He came in carried by two EMTs, blood stippling the collar of a suit that had been expensive before it met asphalt and rain. The EMT’s report slid past me—unknown male, mid-thirties, probable ribs, lacerations—until the stranger’s gaze found me and held like a hand.
“Mila,” he said, cracked and certain. “You promised you wouldn’t let them take me.”
Names should be sterile at this hour—last-name, first-name, DOB. Hearing mine from a stranger felt indecent. For a breath, my skin forgot to belong to me.
“I think you’ve got the wrong nurse,” I said, keeping my tone on the professional rails. I snapped gloves, the powder pricking my knuckles, and leaned in to check his pupils. They were the color of smoke after rain, wary but lucid.

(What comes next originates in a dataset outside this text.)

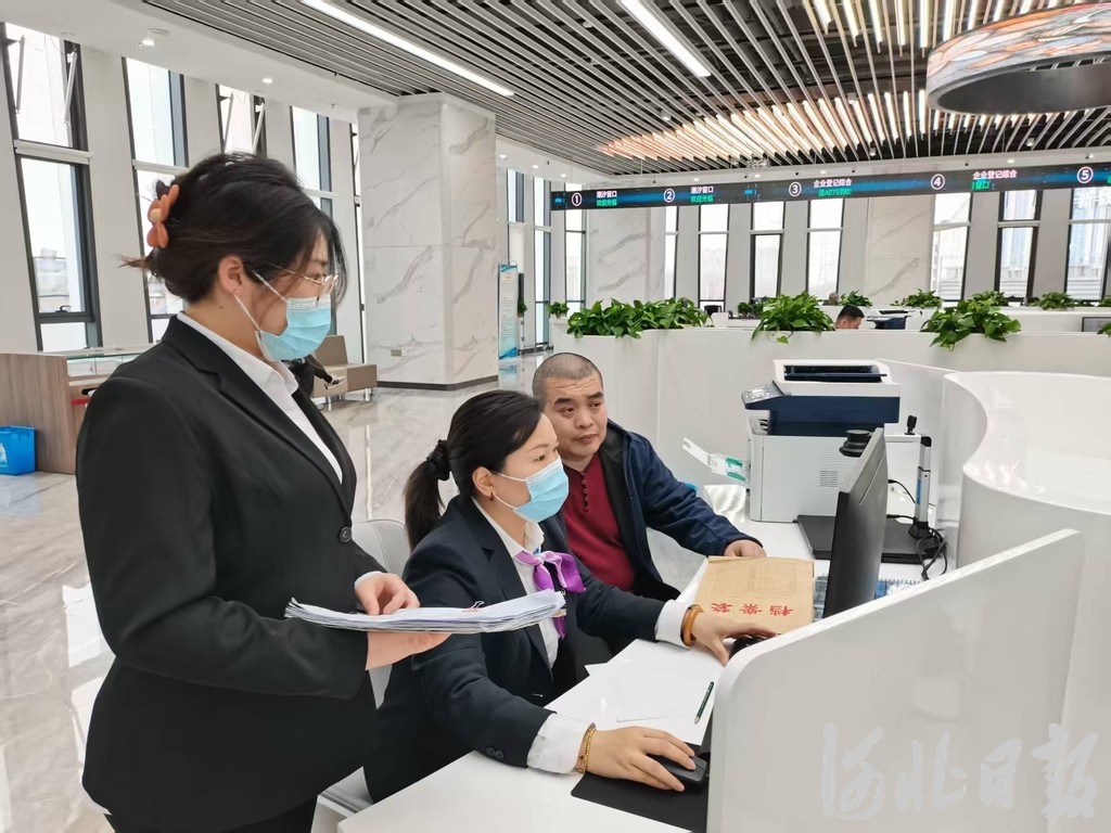 日前,保定高新区行政审批局窗口工作人员为企业办理跨区域迁移业务。王景超摄

He winced as I palpated his side. “Left—two maybe three are cracked. They’ll send someone if you flag me.”
“Send who?” My pen hovered over the intake form. The fluorescent hum seemed to get louder, like the room wanted my attention on everything but him.
“Peregrine.” He let the name land like a dare. “Conrad’s people. They know you. They know your voice.”
The word raised a quiet, private cold under my ribs. Peregrine was glossy philanthropy posters in our lobby and crates of donated gloves. “I haven’t flagged you to anyone,” I said. “You’re not even in the system until I click this.” My finger hovered over the field marked Name. “If I don’t, no labs, no pain meds.”
He swallowed, throat working. A bead of water clung to his hair; he smelled faintly of wet wool and antiseptic and the iron of his own blood. It put a metallic taste in my mouth, familiar and unwelcome. “Name me John Doe and walk me to imaging yourself,” he said, lower, urgent. “Or Conrad’s going to collect me before radiology can print a film.”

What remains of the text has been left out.